Erfurt. Anwohner, Kulturveranstalter, Stadtverwaltung und Polizei diskutieren über Kultur im öffentlichen Raum.

Einen Spontanpartyplatz könnte es ab nächstem Jahr in Erfurt geben. Das soll ein Ort sein, für den eine Veranstaltungsgenehmigung innerhalb von 24 Stunden ausgestellt werden kann. Die Ständige Kulturvertretung, Stadtverwaltung und Politik verhandeln seit zwei Jahren darüber, welcher Platz das sein könnte, der weder gegen Denkmalschutz noch Naturschutz verstößt und keine Anwohner stört.

„Klein Venedig“ ist kein Kandidat dafür, doch hier brachte die Ständige Kulturvertretung die Diskussion ins Rollen: Wie kann Kultur im öffentlichen Raum im Einklang mit den Einwohnerinteressen gestaltet werden? Mediatorin Sosan Azad aus Berlin gesellte sich am Donnerstag zu den Podiumsteilnehmern. Sie hat auch in anderen deutschen Großstädten die Erfahrung gemacht, dass Kultur oft mit Konflikten verbunden wird.

Kulturakteure wollen den öffentlichen Raum für Veranstaltungen der freien Kulturszene nutzen. Karina Halbauer von der Ständigen Kulturvertretung findet, Kultur sei „immer der Kitt der Gesellschaft. Wenn sie sogar sichtbar draußen ist, stellt sie auch oft die Vielfalt der Stadt dar“.

Von Sonntag bis Donnerstag gilt die Nachtruhe ab 22 Uhr

Anwohner wollen nachts Ruhe und sich in ihrer Wohngegend sicher fühlen. Sylvia Gille ist Sachbearbeiterin für musikalische und nächtliche Veranstaltungen bei der Stadtverwaltung Erfurt. Sie muss für die Anwohner eine Nachtruhe von mindestens acht Stunden sicherstellen. Das heißt, in den Zimmern der Anwohner darf die Lautstärke nicht höher als 40 Dezibel sein. Das entspricht der Lautstärke eines Flüstertons.

Doch wann beginnt die Nachtruhe? Von Sonntag bis Donnerstag gilt die Nachtruhe ab 22 Uhr. Die Ausnahme bilden hier Abende vor Feiertagen, die unter die Woche fallen. Für Freitage sowie Samstage kann die Stadtverwaltung auch Veranstaltungen im Freien bis 23 Uhr genehmigen. Später ist aber ausgeschlossen.

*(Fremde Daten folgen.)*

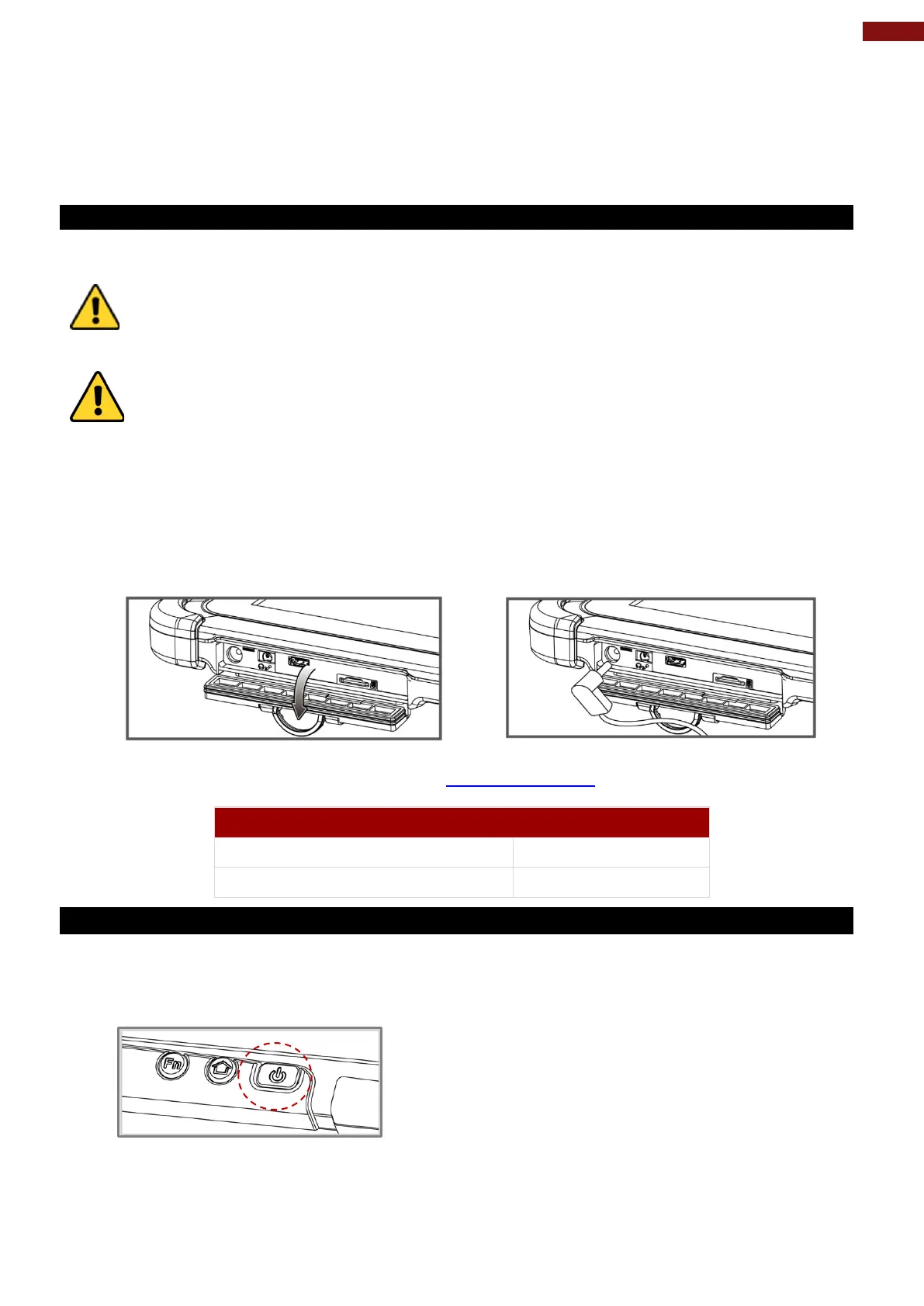 Attention N'utilisez que l'adaptateur secteur fourni avec votre tablette. L'utilisation d'autres
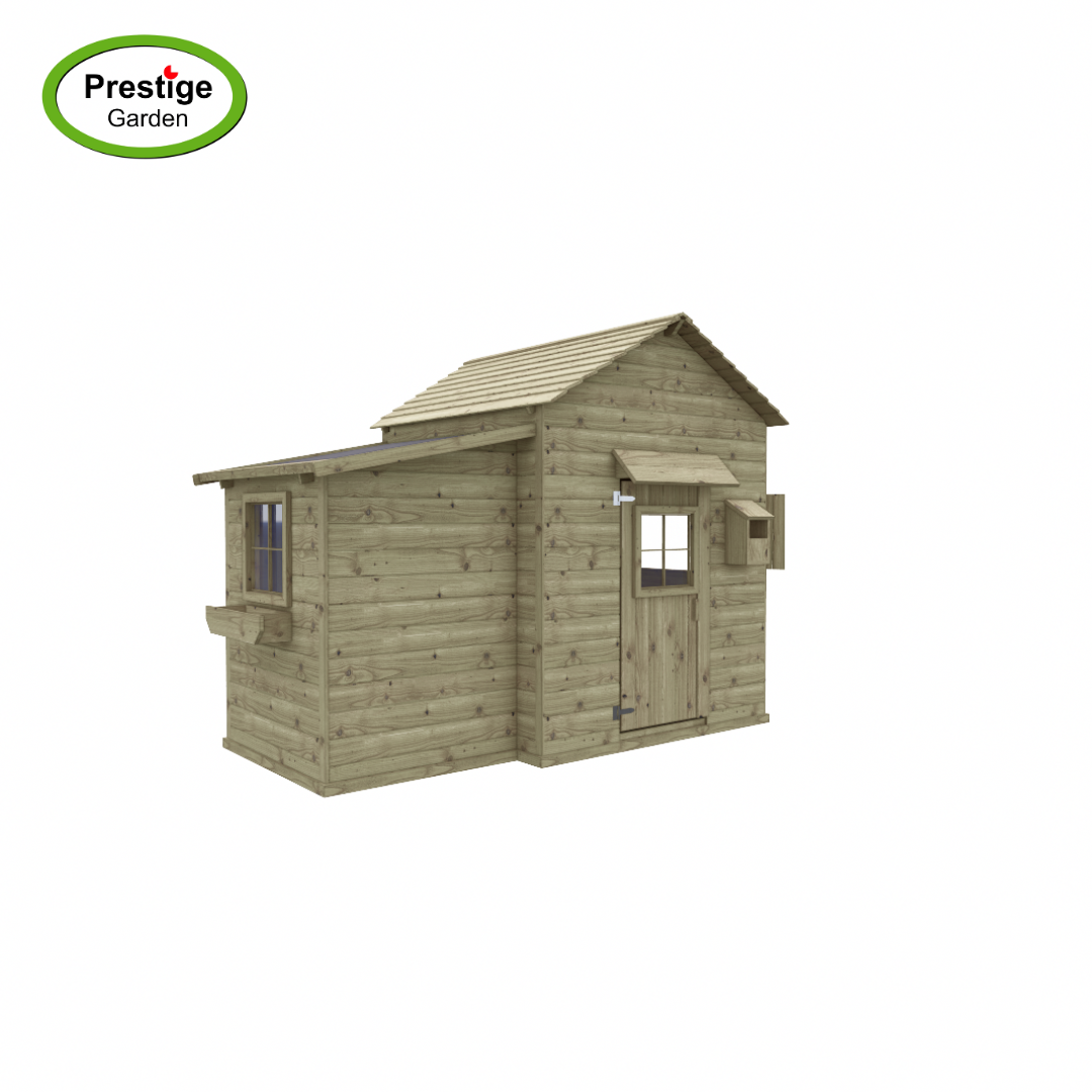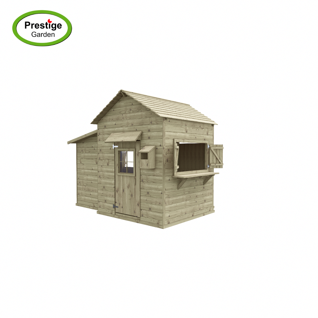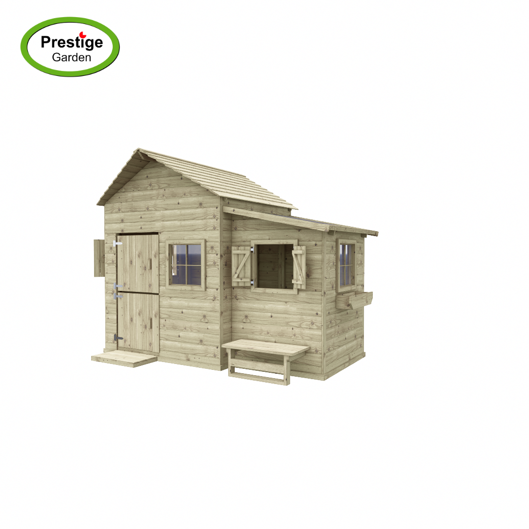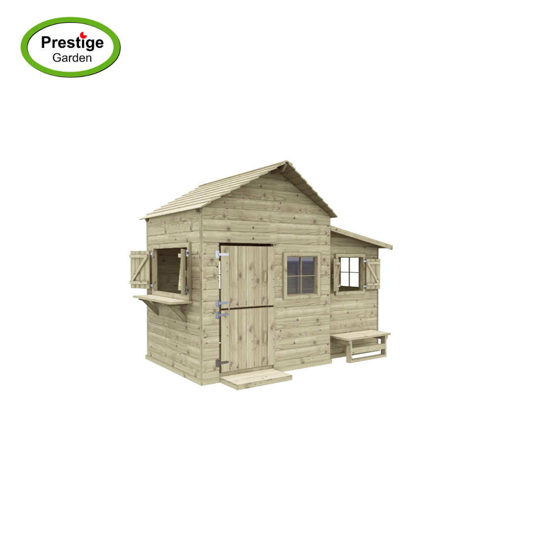 Op zoek naar een houten speelhuisje met sfeer? Dan is houten speelhuisje Butterfly het perfecte huisje. Het houten speelhuisje bestaat uit een basishuisje met daaraan een aanbouw. De karakteristieke details geven het huisje een lieflijke uitstraling. Rondom is het speelhuisje voorzien van veel raampjes en zelfs 2 deuren. Het houten speelhuisje is geïmpregneerd en vrij eenvoudig in elkaar te zetten. De dikte van het hout is 12 mm. Het basishuisje heeft een gepotdekseld dak, de aanbouw heeft dakleer.

Karina Halbauer und Andreas Busch, Veranstalter in der Engelsburg und Organisator der „KurzTanzWanderung“, warfen ein, dass beispielsweise das Krämerbrückenfest, die Domstufenfestspiele oder Stadtteilfeste in Erfurt mitunter bis 2 Uhr nachts stattfinden. Die Begründung von Sylvia Gille dazu: Die genannten Feste sind „Veranstaltungen mit Kirmescharakter“ und zählen als Traditionsveranstaltungen. Da sie eine breite Masse ansprechen und seit Jahren etabliert sind, genießen sie Sonderrechte.

Mediatorin Sosan Azad ermutigte Anwohner und Stadtverwaltung dazu, auf die Bedürfnisse der jungen Bürger zu hören und Regelungen zu lockern. Kulturveranstalter wiederum sollten Empathie gegenüber den Menschen zeigen, die das Umfeld des Veranstaltungsortes ihr Zuhause nennen.